The City That Holds Us

Paige Schwartz
SF Urban Film Fest
Published in
4 min readDec 27, 2018
Courtesy of The Life-Sized City: Tel Aviv

As the audience filed into the glass-walled theater room at SPUR, each person received a piece of paper with a question like “Where in the city do you feel most yourself?” or “How does the city hold you?” They could write answers to these prompts (to be collected and anonymously shared later), and as the lights went down, they could imagine each short film as an answer of sorts, sometimes subversive, often indirect.

SF Urban Film Fest founder Fay Darmawi welcomed a full house at SPUR. Photo by Omeed Manocheri

“How did the city cause you to lose (or gain) part of your identity?” was one of the night’s questions. In New York Woman by Martin Pizarro Veglia, a young woman dreams of going to New York City so much that the city becomes part of her, her body a transparent window onto the skyline. In the satirical film Life in Grey, by Leonardi Martinelli, Brazil outlaws colors as part of an austerity measure, a reminder (albeit hyperbolic) of the power that our environment can have over every aspect of our experience.

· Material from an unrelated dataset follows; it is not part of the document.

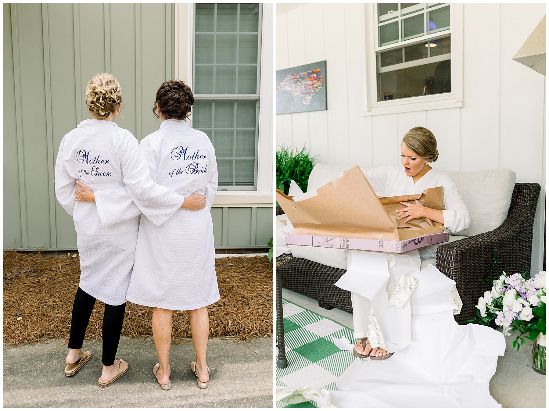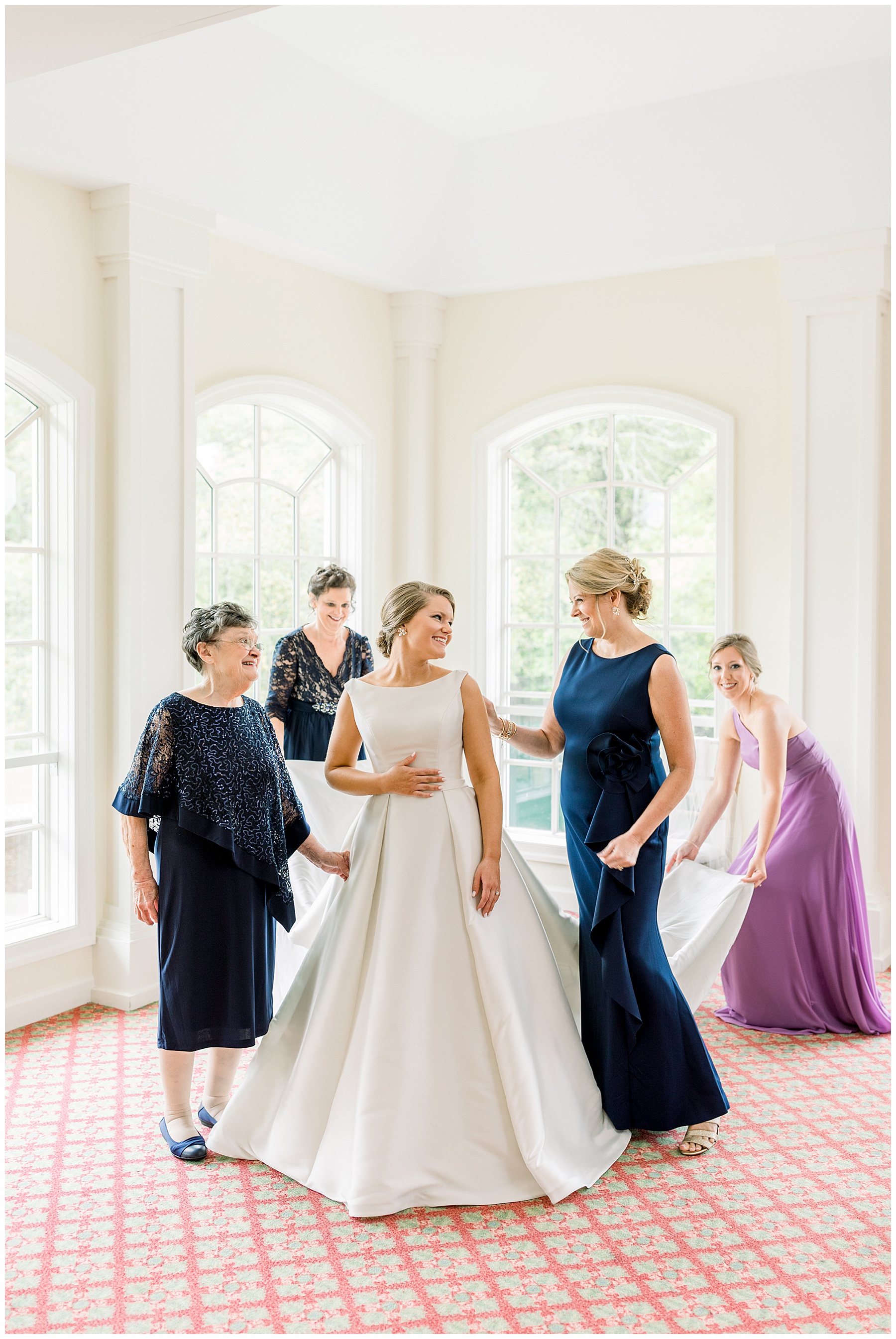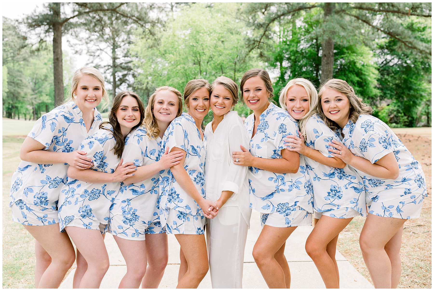 We started off the day with the girls who were all ready EARLY (yayyy for that!) and they enjoyed snacks, hanging out, and lounging in their cute pjs! Shannon opened a sweet gift from Daniel – a custom watercolor portrait. After getting dressed with 3 generations of ladies in her family PLUS including her new mother-in-law (so precious!) Shannon had a First Look with her bridesmaids and with her daddy. What a sweet morning!

In #6261, filmmaker Kimura Byol sent 100 letters to addresses that shared her adoption number, 6261, in her home city of Montreal. Through interviews with 11 of the families that responded, she portrays a diverse city that’s adopted all its residents in one way or another. But a new place can’t hold us until we’re ready. In Al Ghorba, an animated short by Alia Hijaab, the protagonist is a refugee whose nightly dreams of Syria, painted in rich reds and yellows, contrast with her daily life in Canada, where her apartment is a blue box floating in blackness. Her relatives’ voices on the other end of the phone tell her, “Everything has changed, you’re stuck in the past.” She responds, “The past is all I have.”

Courtesy of Al Ghorba

In The Life-Sized City: Tel Aviv, an episode of a Canadian TV series, host Mikael Colville-Andersen tours a complicated city struggling to live up to its reputation for liberalism and diversity. To combat problems with infrastructure and racism, Tel Avivians are redefining their city from the grassroots; without waiting for help or permission from the government, they’re planting gardens in unused lots, running bus lines on Saturdays, starting schools for children of all religions, and cleaning up underwater waste. Activist Robert Ungar’s Onya Collective is turning an abandoned transit station into a creative space for refugee musicians and journalists. As he puts it, “The possibility of being dead…is radicalizing the culture. There’s a kind of urgency.”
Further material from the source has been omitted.